N7,8 = H(H(7) + H(8))

Level #3

Adding another level, we have:

 

Still going...

 

We're continuing to use our designated notation, and now, we've created two more inodes:

N(1,2),(3,4) = H(H(H(1) + H(2)) + H(H(3) + H(4)))

N(5,6),(7,8) = H(H(H(5) + H(6)) + H(H(7) + H(8)))

The Root

We finally arrive at the root of our tree, which we'll call R.

 

The completed tree

 

Using the same notation, the root value is created:

R = H(H(H(H(1) + H(2)) + H(H(3) + H(4))) + H(H(H(5) + H(6)) + H(H(7) + H(8))))

But Professor Petabyte, what's the point?

Oh, I'm so delighted you asked!

The point is this:

  • Our tree has 15 node values created by our eight original pieces of data
  • We can provide someone with three values from the tree, called a proof that, combined with their one piece of original data, someone can mathematically prove that their data was part of the data used to build the tree, so long as we know the root value.
  • This proof provides no information to the user about any other data used to create the tree.
  • This has many interesting applications, from identifying possible data corruption in the InterPlanetary File System (IPFS), Btrfs, and ZFS file systems, to identifying changes in Git and Mercurial repositories, to keeping track of transactions within blocks of the Bitcoin and Ethereum blockchain networks.

Let's see how it works:

Imagine you're the owner of data item #3 and want to prove that your data is part of the tree. The creator of the tree would provide you with the node data highlighted in red in the following diagram:

 

The completed tree

 

Your proof would consist of just three integers:

[N4, N1,2, N(5,6),(7,8)]

Using these values and data item #3, anyone can re-calculate the root value:

  • You can calculate N3 from data item #3.
  • With N3 and N4, you can calculate N3,4.
  • With N3,4 and N1,2, you can calculate N(1,2),(3,4).
  • Finally, with N(1,2),(3,4) and N(5,6),(7,8), you can calculate the root value and compare it to the known root.

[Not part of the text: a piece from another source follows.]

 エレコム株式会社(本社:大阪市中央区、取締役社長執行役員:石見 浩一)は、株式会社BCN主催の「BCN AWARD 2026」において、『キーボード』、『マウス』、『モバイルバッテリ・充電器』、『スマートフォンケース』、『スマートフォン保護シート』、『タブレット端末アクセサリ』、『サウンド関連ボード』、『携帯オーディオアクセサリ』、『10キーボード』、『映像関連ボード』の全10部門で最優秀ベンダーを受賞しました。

So, suppose you want to prove that your address, 0x3333333333333333333333333333333333333333, is on that original list of addresses allowed to pre-order an NFT. In that case, you provide your address and the three proof values. The NFT code can do these calculations, and if it creates a root value matching the original root - well, that proves that your address was on the original list.

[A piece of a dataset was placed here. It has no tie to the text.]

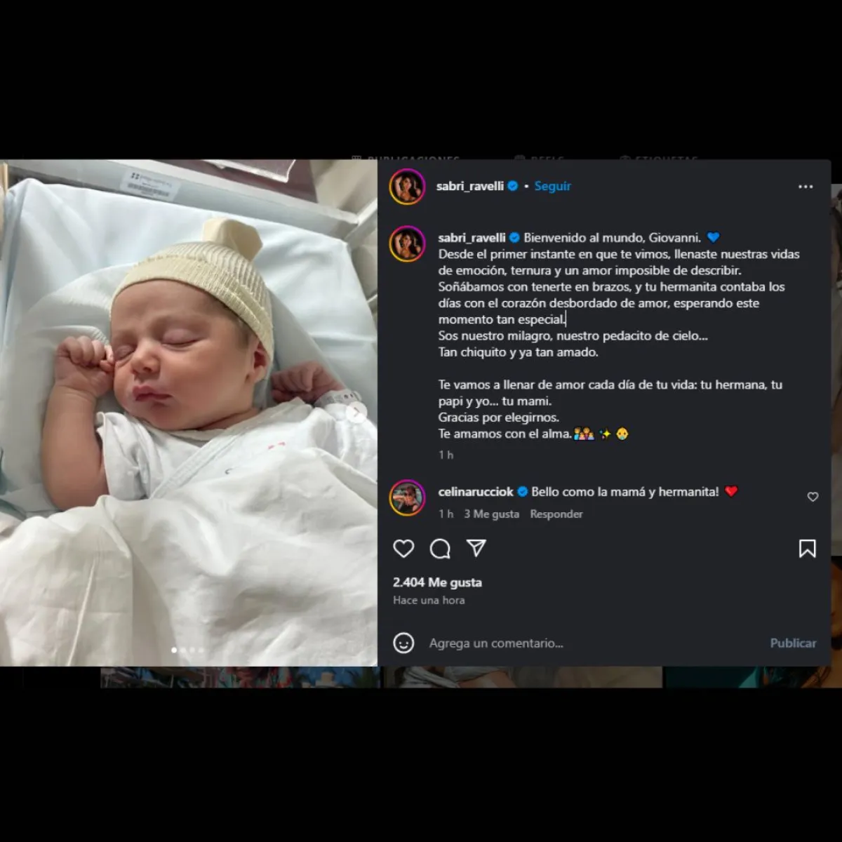 En una publicación cargada de emoción, Ravelli escribió: “Bienvenido al mundo, Giovanni. Desde el primer instante en que te vimos, llenaste nuestras vidas de emoción, ternura y un amor imposible de describir”. Junto al mensaje, publicó una dulce foto del pequeño recostado en la cuna del hospital, visiblemente conmovida por la llegada de su hijo.

The only value the NFT producer needs to keep in their blockchain code is the root value itself! Because keeping anything stored on the blockchain is expensive, this is a huge benefit! Of course, the root mustn't be able to be altered, which is why keeping it IN the smart contract on the blockchain is what smart developers do.

And this bears repeating: none of the proof values gives anyone any information about the other original data values.

Of course, Merkle Trees can be MUCH bigger than simply having eight leaf nodes. As the number of leaf nodes grows, so does the number of values in the proof, but that number grows slowly compared to the increase in the size of the leaf nodes. A proof containing 32 integers would be sufficient for a Merkle Tree with 4,294,967,296 leaf nodes!

Most hash tree implementations are binary (two child nodes under each node), but they can just as well use many more child nodes under each node, but that's a story for another day!

Dockerfile

I've added a Dockerfile to build a container to run the python code. It will install all of the pre-requisite libraries. To use it, edit the code however you want (if you need to make changes), then build the container to run it:

docker build -t merkletrees .
docker run -it --rm --name=merkletrees merkletrees

If you need to edit the merkle_tree.py file, I've included both vim and nano in the image.